This article describes a service that has been replaced. The information is retained here for archival and continuity reasons. For the current (as of 2016) service, see OneMK.

MKWeb was the portal operated by Iliffe News and Media partially on behalf of Milton Keynes Council and accordingly described itself as the official website for Milton Keynes and North Bucks. The site was run under varying management since 2002.  By the end of 2007 it claimed to be delivering over 6 million pages. In June 2006, MKWeb was awarded the contract to deliver MK Council's web services for the following 5 years with an option for the Council to extend this for a further 3 years. The agreement was that MKWeb would develop and support two websites, www.milton-keynes.gov.uk and www.mkweb.co.uk, and present them as a single city portal.

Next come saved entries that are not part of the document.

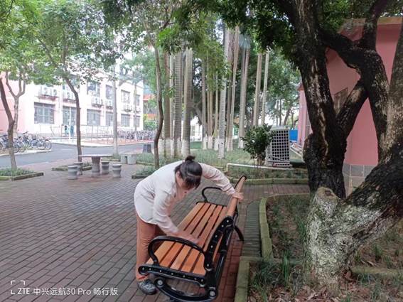 为营造学生公寓园区宜学宜居的环境,认真做好园区内消防设备设施、热水机组、洗涤设备等各种设备设施和33间自习室的保洁维护工作;做好学生公寓园区内472个生活设施(其中公共长椅102张,乒乓球桌152张,晾衣架134个、健身器材84个)的维护工作。
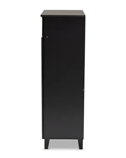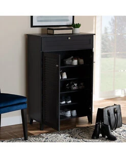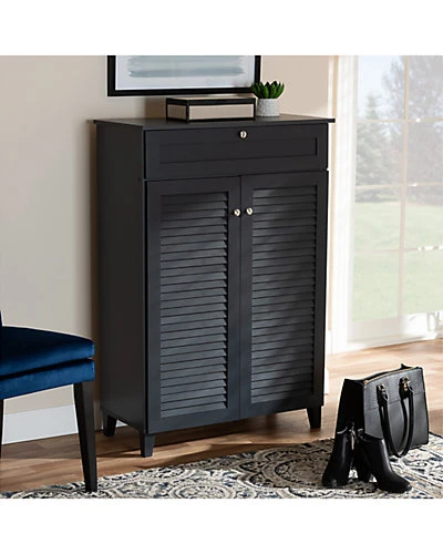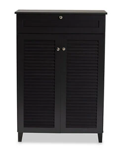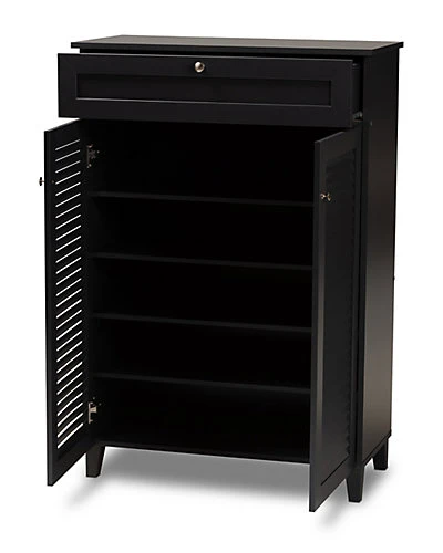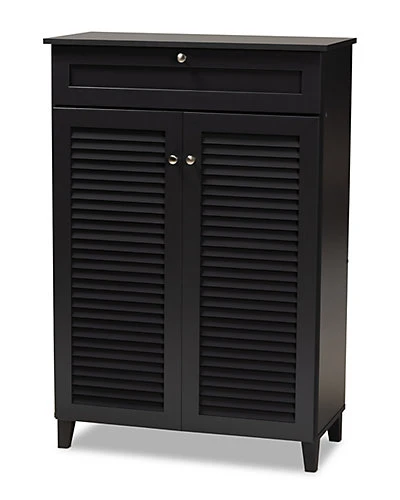 - Design details: Store your shoes on the sly with the Coolidge shoe cabinet. Two slatted doors, fitted with round knobs, conceal five shelves with storage space for up to 15 pairs of shoes. One spacious drawer, accented with inset paneling, provides additional storage space for extra shoelaces and miscellaneous items. Tapered legs add refined style and provide elevation to deter dust buildup. Constructed from engineered wood, the Coolidge showcases a sleek dark grey finish that complements any color scheme. The Coolidge shoe cabinet is made in Malaysia and requires assembly.
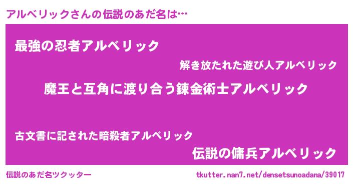 | ヒーロー風カッコイイあだ名 | 『友情の使者アルベリック』 |
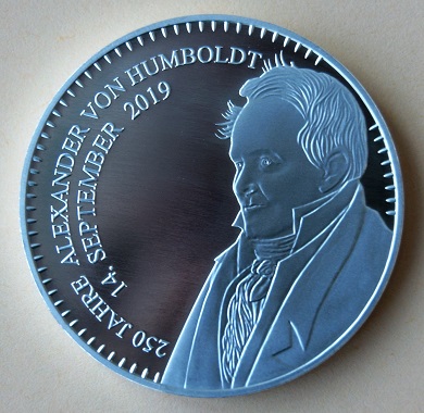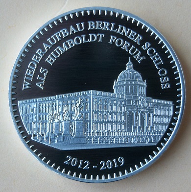 Mit Blick auf die Eröffnung des Humboldt Forum in zwei Jahren als Museum der außereuropäischen Kulturen und der Sammlungen im Besitz der Humboldt-Universität prägt die Staatliche Münze Berlin eine Silbermedaille mit der Ansicht des wiederaufgebauten Berliner Schlosses sowie dem Bildnis des Weltreisenden Alexander von Humboldt. Die von Laura Nicklaus und Stefanie Lindner gestaltete Medaille wiegt eine Unze, also etwa 33 Gramm, und hat einen Durchmesser von 37 Millimetern, ist also etwas kleiner als ein alter Silbertaler. Die neue Medaille macht auf ein bedeutendes Denkmal der preußischen und deutschen Geschichte und Kunst aufmerksam und dürfte nicht nur Preußen-Fans, sondern auch Sammler interessieren, die sich auf das Thema "Architectura in nummis" spezialisiert haben. Da die Medaille mit Alexander von Humboldt auch einen großen Gelehrten ehrt, passt sie auch in Fächer zum Thema Wissenschaft auf Münzen und Medaillen. Die neue Silberprägung ist eine Hommage an Alexander von Humboldt, der am 14. September 1769 geboren wurde. 2019 ist das dann 250 Jahre her. Vom Verkaufspreis gehen fünf Euro an den Förderverein Berliner Schloss.
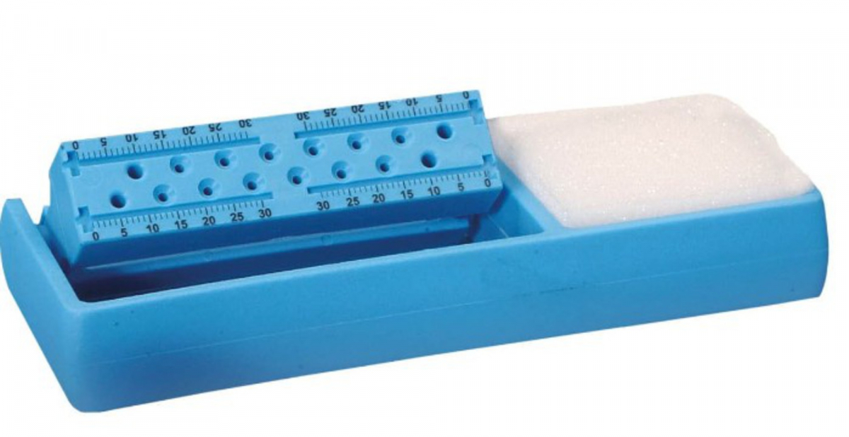 Endo Organizer (contenitore per strumenti endodontici). Capacità di 16 strumenti. Include misuratore canalare integrato e spugnetta per la pulizia degli strumenti. Realizzato in poliammide (o materiale plastico sterylizzabile).
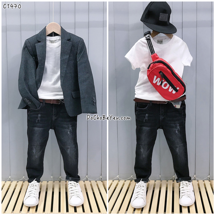 Áo thun police Thái Lan size 2-6 tuổi 120k. Quần jean đen 3-12 tuổi 240k

MKWeb supported over 40 community and voluntary organisations by providing and maintaining their websites free of charge. One example is the [Citizens Advice Bureau] who have won awards for their website and Speakeasy a local writers group that claimed to attract visitors from all over the world.

Change of operator
In 2007, MKWeb’s parent company, Apollo Digital Developments Ltd, was bought by the Iliffe News and Media group.

Awards
Each year the Society of IT Managers (SOCITM) produce their “Better Connected Report” on behalf of the government. This report provides an insight into the popularity and quality of information provided by city websites associated with local councils. Since 2004 MKWeb has been ranked as one of the top 10 sites in the UK, and 5th most visited city website when weighted by population.

(April 2005) In the 7th Annual survey of local government websites MKWeb was ranked 9th out of 528 official city information websites. When weighted by population the portal came in 5th position.

In October 2008, MKWeb was awarded the “UK’s Community Website of the Year”.